And we end up with the final OLS solution:

\[\begin{align} \hat{\beta_0} &= \bar{y} - \hat{\beta_1} \bar{x} \\ \hat{\beta_1} &= \frac{\sum_i^n (x_i - \bar{x})(y_i - \bar{y})}{ \sum_i^n (x_i - \bar{x})^2 } = \frac{Cov(x,y)}{Var(x)} \end{align}\]

Then, we can use these to find our predicted \(\hat{y_i}\), i.e. the \(y\) values on the line.

\[ \hat{y_i}=\hat{\beta_0}+\hat{\beta_1}x_i \]

as well as our model residuals \(\hat{\epsilon}_i\)

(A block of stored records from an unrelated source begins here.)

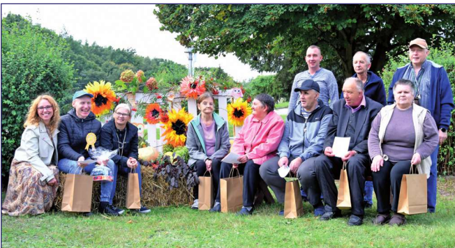
Mieszkańcy pierwszego piętra budynku B wyróżnieni za aktywny udział w zajęciach rehabilitacji społecznej.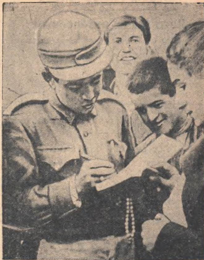
Простые люди Ирана — рабочие, крестьяне, ремесленники, передовая интеллигенция — все громче поднимают свой голос в защиту Мира. Успешно проходит сбор подписей под Обращением Всемирного Совета Мира о заключении Пакта Мира между пятью великими державами.

Несмотря на гонения, к Обращению присоединяются также солдаты иранской армии.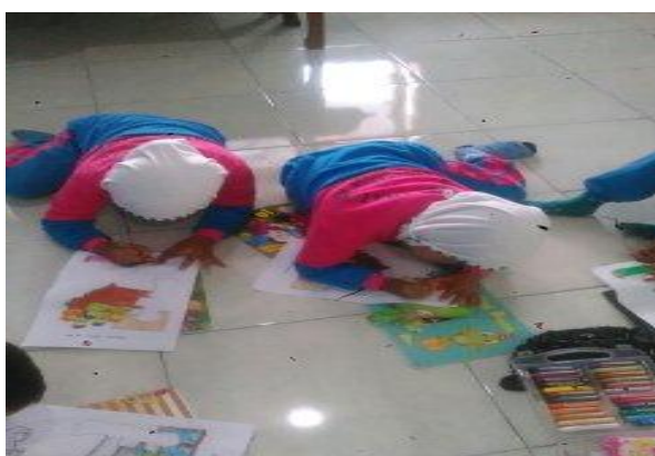
Gambar 9. Proses mencocok gambar pada siklus II pertemuan 2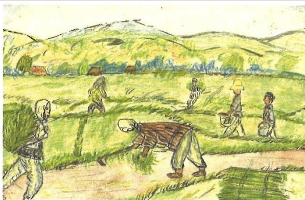
「草刈り」 堀江敬三 高1 (56)

今年度も画文集『昭和の記憶』を中心に、想画の記憶をたどります。6年生による心に響いた想画の感想を届けます。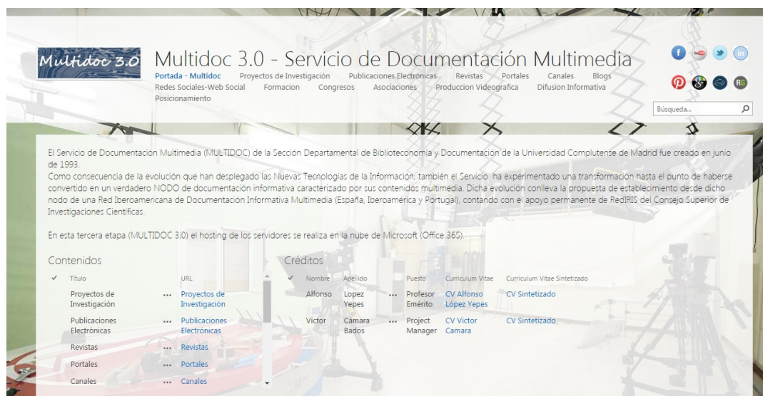
Figura 1. Servicio de Documentación Multimedia

d'Audiovisuals UB, 2015), Servei de Recursos Audiovisuals UIB (Servei Recursos Audiovisuals UIB, 2015), Complumedia o el propio Servicio de Documentación Multimedia de la UCM. O también Planeta Biblioteca canal radiofónico creado por Bibliotecas de la Universidad de Salamanca, con 32.500 descargas en agosto 2015 (Planeta Biblioteca, 2015). O BiblioTV, de la Dirección General Bibliotecas Benemérita Universidad Autónoma Puebla-México (BiblioTV, 2013). Y los webinars, hangouts de google, youtube, skype, livestream, ustream, y otros sistemas streaming (IIBI, 2015). Y actuaciones como "La Universidad Responde" (Servicios Audiovisuales de las Universidades Españolas) (SAVUES, 2012), a las que deben acogerse con más presencia las bibliotecas universitarias. Y, en fin, para su aplicación en el ámbito de las bibliotecas universitarias deben contemplarse las nuevas tendencias como los transmedia y la distribución multiplataforma (Díaz, Tous, 2012).

\[ \hat{\epsilon_i}=y_i-\hat{y_i} \]

From this, we also get for free an estimate of the variance of the residuals \(\sigma^2\), which happens to be very useful in computing other statistics. The reason is that the larger the residuals’ variance, the less precisely we can estimate our regression coefficients, which should make a lot of sense.

\[ \hat{\sigma}^2=\text{mean squared error}=\frac{SSE}{n-2}=\frac1{n-2}\sum_i(y_i-\hat{y_i})^2 \]

We can also easily derive the variance of the slope. First, observe that

\[\begin{align} \sum_i (x_i - \bar{x})\bar{y} &= \bar{y}\sum_i (x_i - \bar{x})\\ &= \bar{y}\left(\left(\sum_i x_i\right) - n\bar{x}\right)\\ &= \bar{y}\left(n\bar{x} - n\bar{x}\right)\\ &= 0 \end{align}\]

This means that

\[\begin{align} \sum_i (x_i - \bar{x})(y_i - \bar{y}) &= \sum_i (x_i - \bar{x})y_i - \sum_i (x_i - \bar{x})\bar{y}\\ &= \sum_i (x_i - \bar{x})y_i\\ &= \sum_i (x_i - \bar{x})(\beta_0 + \beta_1x_i + \epsilon_i )\\ \end{align}\]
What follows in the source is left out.